In Python, lambda functions offer a concise way to write small, anonymous functions. These are also known as inline functions or throwaway functions. Lambda functions are especially useful when you need a quick function for a short period—typically as an argument to higher-order functions like map()
, filter()
, or sorted()
.
This guide will walk you through the basics of lambda functions, when and how to use them, and provide practical examples to make the concept clear.
1. What is a Lambda Function?
A lambda function is a function defined using the lambda
keyword instead of def
. It can have any number of parameters but only one expression. The result of the expression is automatically returned.
# Syntax:
lambda arguments: expression
2. Basic Example
# Example 1: Add two numbers
add = lambda x, y: x + y
print(add(3, 4)) # Output: 7
This is equivalent to:
def add(x, y):
return x + y
3. Lambda Functions with No Arguments
# Example 2: Lambda with no arguments
say_hello = lambda: "Hello!"
print(say_hello()) # Output: Hello!
4. Lambda Functions Inside Other Functions
Lambda functions can be used inside other functions to encapsulate logic temporarily.
# Example 3: Nested lambda
def multiplier(n):
return lambda x: x * n
double = multiplier(2)
print(double(5)) # Output: 10
5. Lambda with map()
map()
applies a function to every item in an iterable.
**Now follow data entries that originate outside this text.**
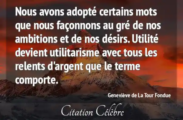 Nous avons adopté certains mots que nous façonnons au gré de nos ambitions et de nos désirs. Utilité devient utilitarisme avec tous les relents d'argent que le terme comporte.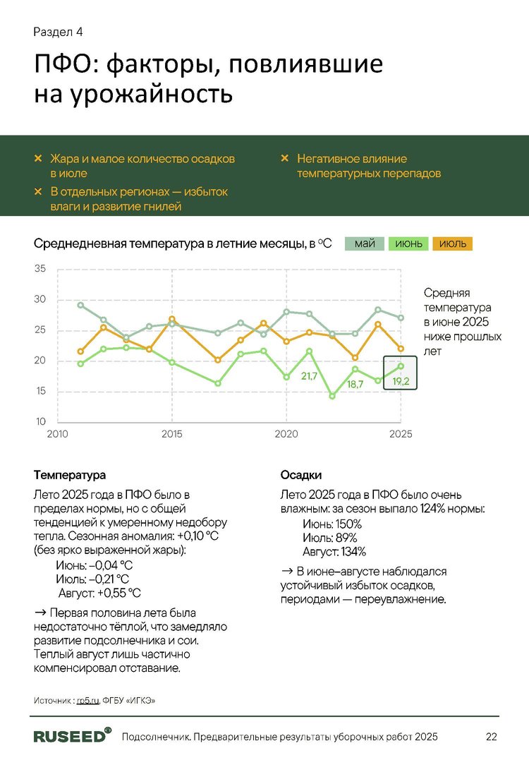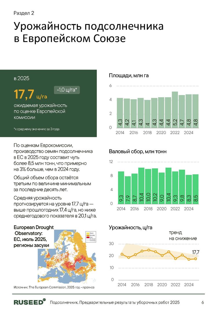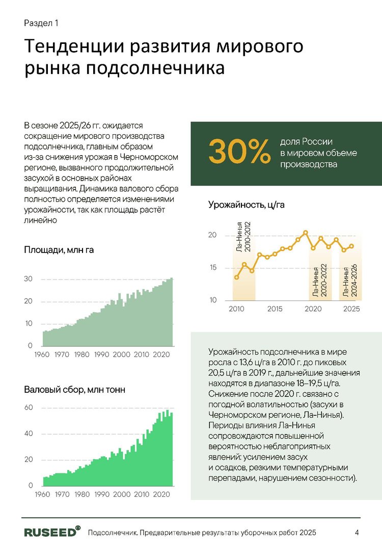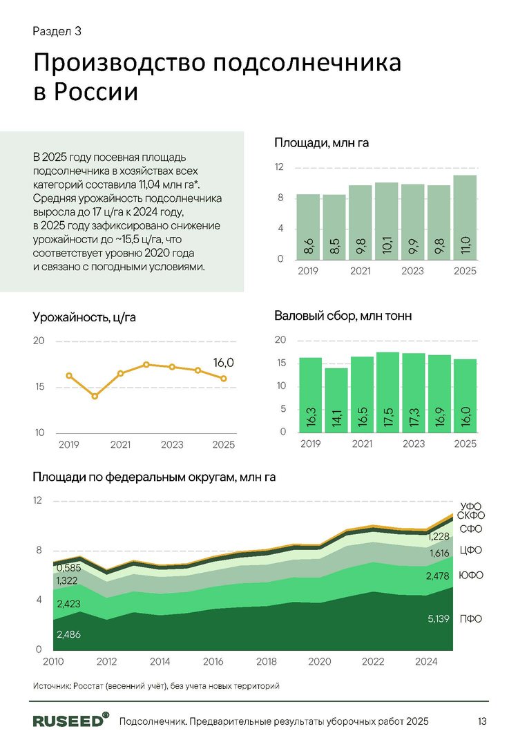 Россия, демонстрируя устойчивый рост посевных площадей и их перераспределение в более стабильные регионы — Приволжский и Сибирский федеральные округа, тем не менее столкнулась с климатическими и экономическими трудностями в аграрном секторе. В 2025 году посевная площадь подсолнечника во всех категориях хозяйств достигла 11,04 млн га. Средняя урожайность подсолнечника составила примерно 16 ц/га. Причина — погодные аномалии в ключевых зонах возделывания. Наибольшее влияние неблагоприятных метеоусловий ощутили южные регионы страны, в частности Ростовская область и Краснодарский край.
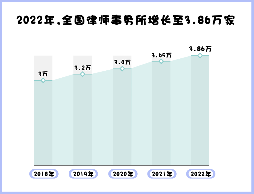 據(jù)司法部發(fā)布的官方數(shù)據(jù)顯示,截至2022年底,全國執(zhí)業(yè)律師已達(dá)65.16萬多人,全國律師事務(wù)所數(shù)量已經(jīng)增長至3.86萬家,我國律師隊(duì)伍不斷壯大。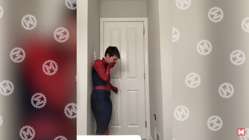 Человек-паук является для многих детей и подростков кумиром. Кто бы не хотел так виртуозно лазать по стенам, как он? Этот мальчик, по всей видимости, решил попробовать это сделать, но столкнулся с неприятностью — пробил в стене дыру. Что же, вряд ли родители оценят его разрушительное перевоплощение.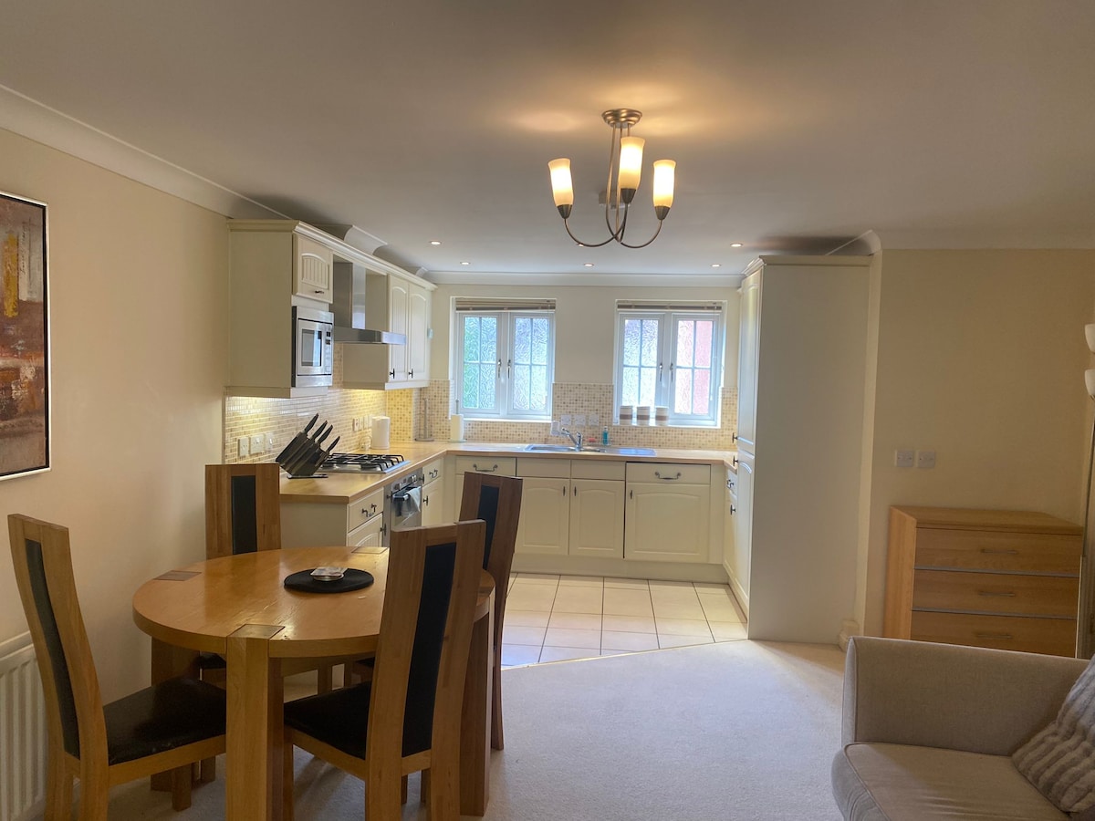 Le fulethi ekhangayo enekamelo lokulala elingu-2 elisezingeni lokuqala elinamagceke amabili okuphaka ongawasebenzisa igumbi lokuphumula/elokudlela elinosofa elithokomele, isihlalo esinezihlalo ezimbili netafula elinezihlalo Igumbi lokugezela elingaphakathi elinokushawa engena kuyo. Igumbi elikhulu linebhedi enkulu, kanti igumbi elincane linebhedi elincane elingu-3ft, Ifulethi lethu liyasebenza kahle ukufinyelela ku-M3 Jct 7 futhi lingaphansi kwamamayela angu-5 ukusuka e-Central Basingstoke nature parks ngaphansi kwebanga lokuhamba ngezinyawo. Iziphuzo zamahhala, Ubisi, amabhisikidi, nokudla okulula 👍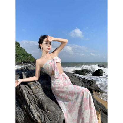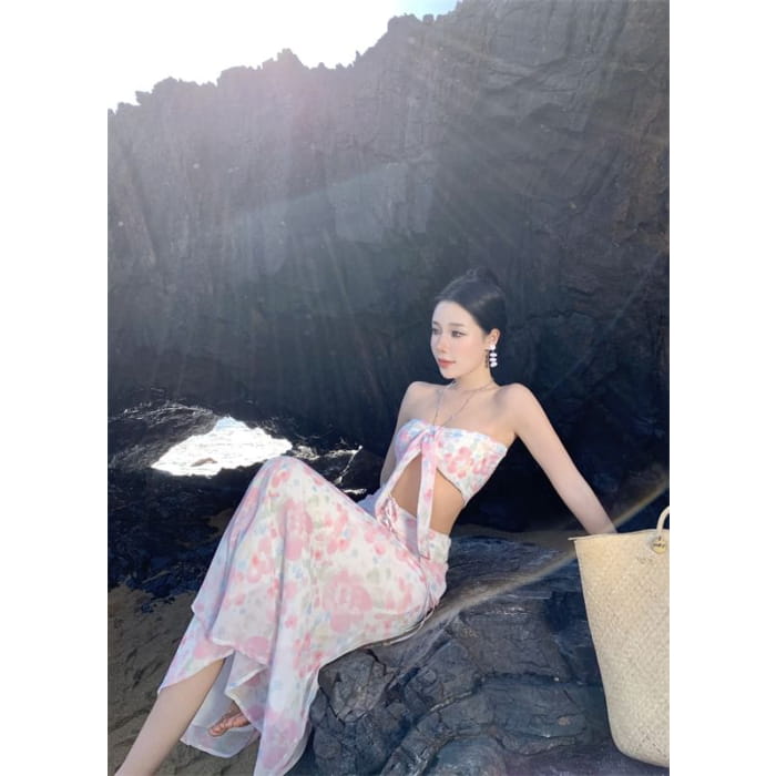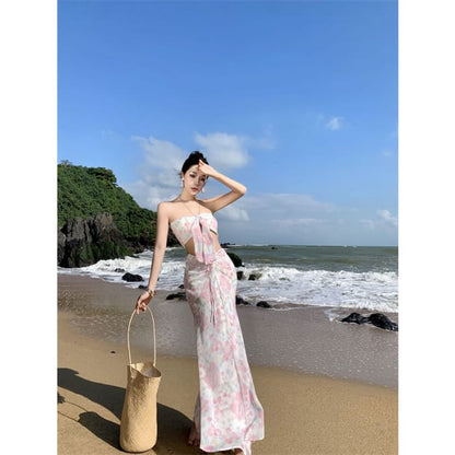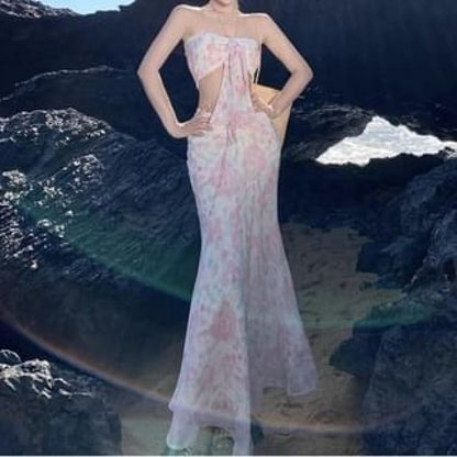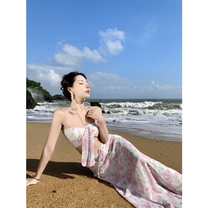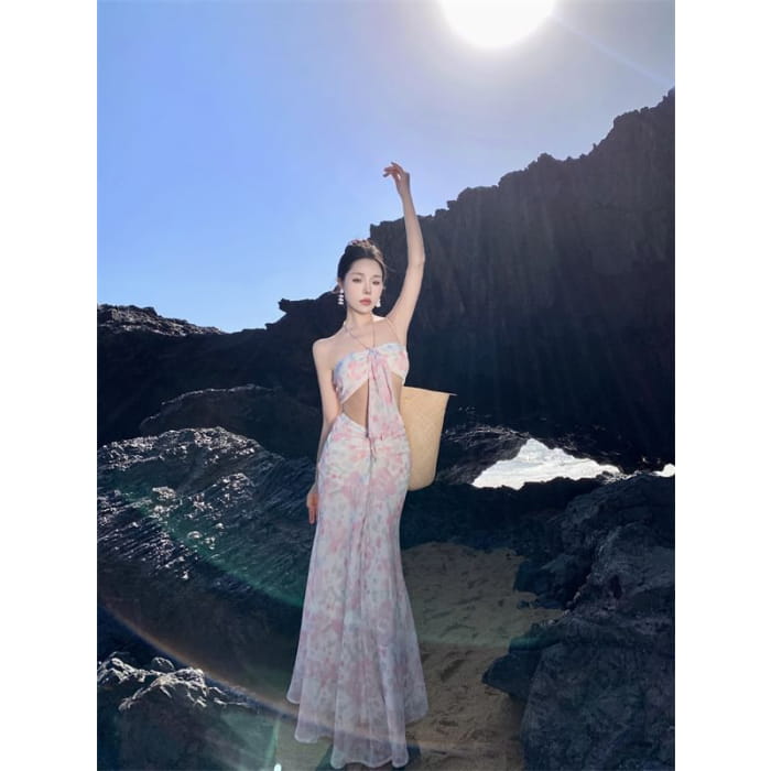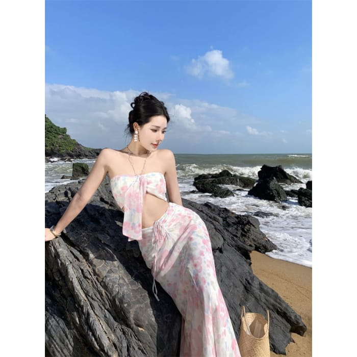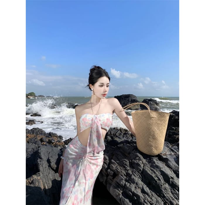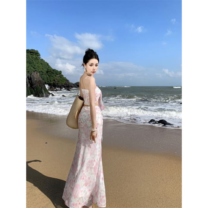 Set: Neckholder-Crop-Top mit Blumenmuster und Smokarbeit + Maxi-Meerjungfrauenrock mit hoher Taille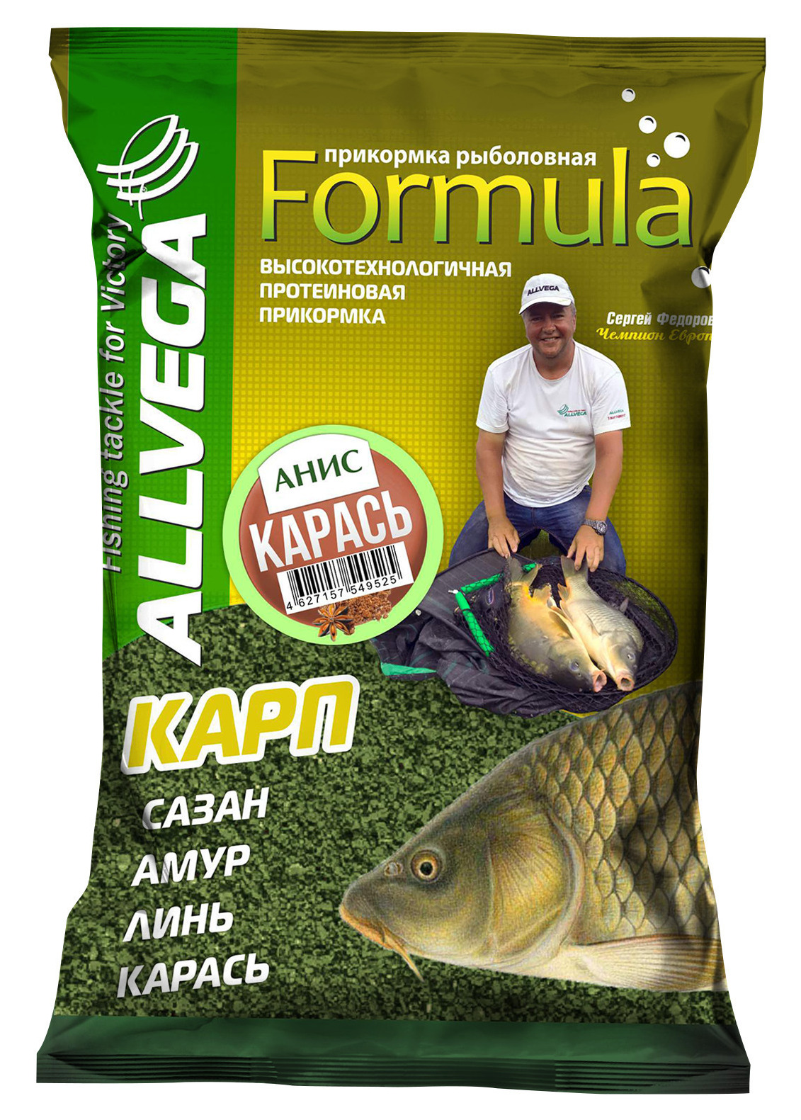 Светло-зеленая прикормка с анисовым ароматом. Состоит из частиц средней и мелкой фракции с добавлением злаковых масленичных культур. Физические свойства прикормки позволяют привлечь карася с расстояния, а аромат и питательные свойства, удержать его в месте ловли.

Lambda makes it cleaner.
# Example 4: Squaring each element
nums = [1, 2, 3, 4]
squares = list(map(lambda x: x ** 2, nums))
print(squares) # Output: [1, 4, 9, 16]
6. Lambda with filter()
filter()
selects items from a list based on a condition.
# Example 5: Filtering even numbers
nums = [1, 2, 3, 4, 5, 6]
evens = list(filter(lambda x: x % 2 == 0, nums))
print(evens) # Output: [2, 4, 6]
7. Lambda with sorted()
You can use lambda functions to define custom sorting logic.
# Example 6: Sorting tuples by second element
pairs = [(1, 3), (2, 1), (4, 2)]
sorted_pairs = sorted(pairs, key=lambda x: x[1])
print(sorted_pairs) # Output: [(2, 1), (4, 2), (1, 3)]
8. Lambda vs Regular Function
Aspect | Lambda Function | Regular Function |
---|---|---|
Syntax | Single-line expression | Multi-line code allowed |
Return keyword | Implicit | Explicit |
Name | Usually anonymous | Has a name (defined with def ) |
9. Limitations of Lambda Functions
- Only one expression is allowed (no multiple statements)
- Harder to debug or reuse for complex logic
- Less readable for beginners
10. When to Use Lambda Functions
- For short, simple functions that are used temporarily
- When passing a function as an argument (e.g.,
map()
,filter()
) - To avoid cluttering code with one-time-use function definitions
11. Final Thoughts
Lambda functions are a powerful feature in Python for writing concise and readable code. While they’re not a replacement for regular functions, they’re extremely useful in cases where you need a quick, throwaway function. With practice, you’ll find many opportunities to use them effectively in your Python programs.